Prompt
Nothing but the lines from the one with "Treasures DK yarn." through the end of the listing should be reproduced, each exactly and with pictures omitted.

Exercise input
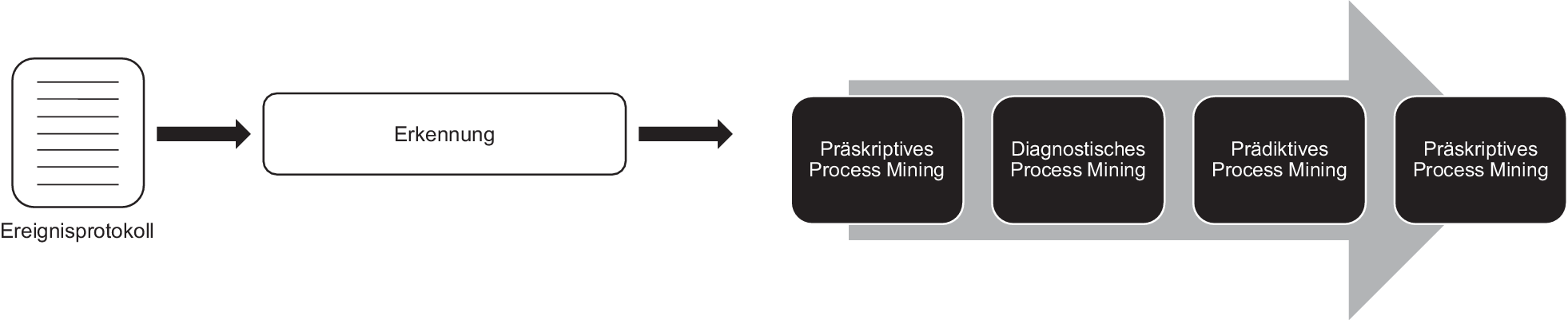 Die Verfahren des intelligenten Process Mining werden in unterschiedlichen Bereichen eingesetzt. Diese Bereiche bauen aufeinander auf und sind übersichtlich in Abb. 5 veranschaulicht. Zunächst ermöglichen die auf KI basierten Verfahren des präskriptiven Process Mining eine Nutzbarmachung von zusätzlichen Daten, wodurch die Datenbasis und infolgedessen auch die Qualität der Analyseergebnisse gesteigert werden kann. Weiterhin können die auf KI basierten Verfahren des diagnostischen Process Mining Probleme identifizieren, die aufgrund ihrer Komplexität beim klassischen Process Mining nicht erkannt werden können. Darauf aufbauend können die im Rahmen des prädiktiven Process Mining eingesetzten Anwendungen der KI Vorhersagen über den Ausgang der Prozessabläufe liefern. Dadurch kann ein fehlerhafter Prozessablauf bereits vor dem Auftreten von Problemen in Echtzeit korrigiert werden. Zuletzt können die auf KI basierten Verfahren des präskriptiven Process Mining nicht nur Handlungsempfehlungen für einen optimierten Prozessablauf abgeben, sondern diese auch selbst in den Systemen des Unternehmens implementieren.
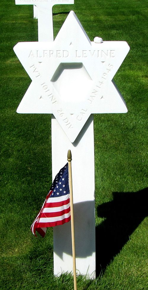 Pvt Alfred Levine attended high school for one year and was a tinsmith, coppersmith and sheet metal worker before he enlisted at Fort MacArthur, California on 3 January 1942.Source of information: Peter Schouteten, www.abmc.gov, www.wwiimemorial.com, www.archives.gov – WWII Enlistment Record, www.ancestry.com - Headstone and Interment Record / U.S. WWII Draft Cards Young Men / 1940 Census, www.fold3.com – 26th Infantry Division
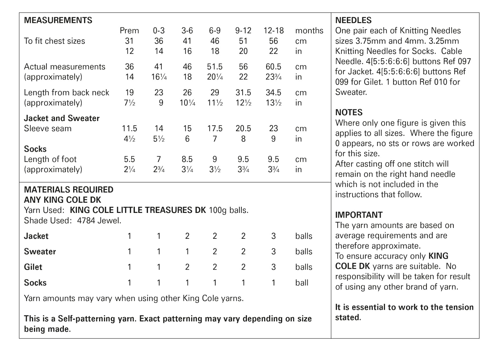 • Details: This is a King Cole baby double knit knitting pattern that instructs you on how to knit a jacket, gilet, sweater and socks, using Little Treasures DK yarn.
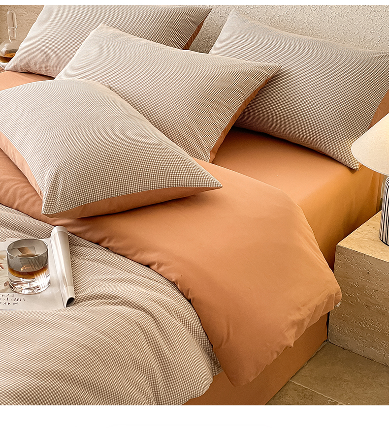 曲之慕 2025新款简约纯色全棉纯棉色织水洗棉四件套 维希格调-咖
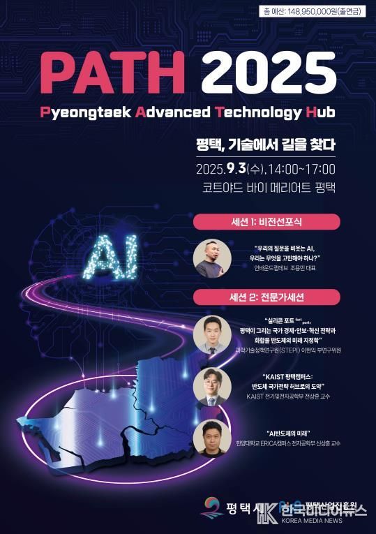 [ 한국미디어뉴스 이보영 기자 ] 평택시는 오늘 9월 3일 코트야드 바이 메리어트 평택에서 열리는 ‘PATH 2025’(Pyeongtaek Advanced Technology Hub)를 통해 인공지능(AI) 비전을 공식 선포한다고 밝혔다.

Final answer
 • Details: This is a King Cole baby double knit knitting pattern that instructs you on how to knit a jacket, gilet, sweater and socks, using Little Treasures DK yarn.
 曲之慕 2025新款简约纯色全棉纯棉色织水洗棉四件套 维希格调-咖
 [ 한국미디어뉴스 이보영 기자 ] 평택시는 오늘 9월 3일 코트야드 바이 메리어트 평택에서 열리는 ‘PATH 2025’(Pyeongtaek Advanced Technology Hub)를 통해 인공지능(AI) 비전을 공식 선포한다고 밝혔다.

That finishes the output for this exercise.